Elasticity of the US Federal Personal Income Tax 1960 - 2015

The elasticity of a tax system is of interest as a proxy for progressivity, and also as a key parameter to estimate the response of tax revenues to changes in income. TAXSIM is an ideal way to calculate that elasticity, since tax liability can be calculated from a sample of actual tax returns, and then again after increasing all the incomes and deductions by 1%.

In these tables all dollar amounts are increased by an equal percentage, income and deduction amounts. See here for tables where deductions are unaffected.

Real Bracket Creep

Some time ago I was asked if I had any ideas about the causes of the inceased share of income tax revenues in GDP from 1995 to 2000, and my answer was that the I thought that the increase in real incomes probably explained a substantial part of it. Here is a simple analysis, which suggests that real income growth accounts for about a quarter of the increase through real bracket creep.

Here is the basic calculation for the change in share:

Assume a 16% increase in real GDP from 1995 to 2000. Then real GDP/taxpayer might incrase by 11%, allowing for 1%/year return growth.

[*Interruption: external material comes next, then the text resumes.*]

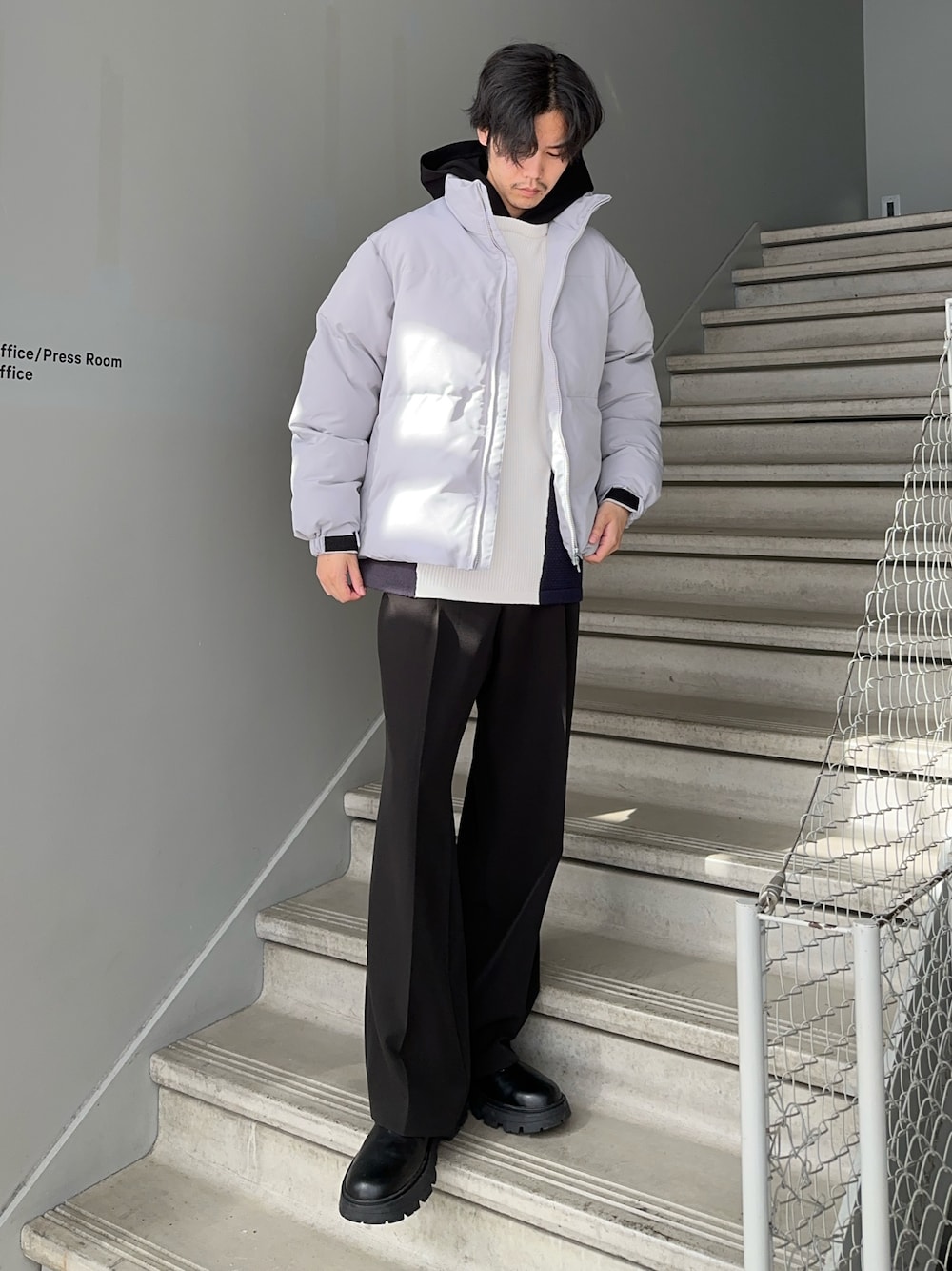 軽い着心地が特徴的なダウンジャケットが登場! 値段もお手頃でかつおしゃれに見えるのでこれ一枚あればこれからの真冬便利です! インナーパーカーでラフに、ただパンツはスラックスで上品にまとめてみました!

According to the elasticity formula, the tax liability in GDP will be expected to grow by 1.66 (a number from an earlier version of this table) times the growth in real per taxpayer income. This means the revenue grows by 18%, or 6% more than income growth. So the 8.12% share of liability in GDP for 1995 would be expected to increase to 1.06*8.12 or 8.6%. This accounts for a quarter of the distance from the 1995 share to the 10.2% estimate that I see mentioned in the CBO budget outlook for the share of individual income taxes in GDP for FY 2000.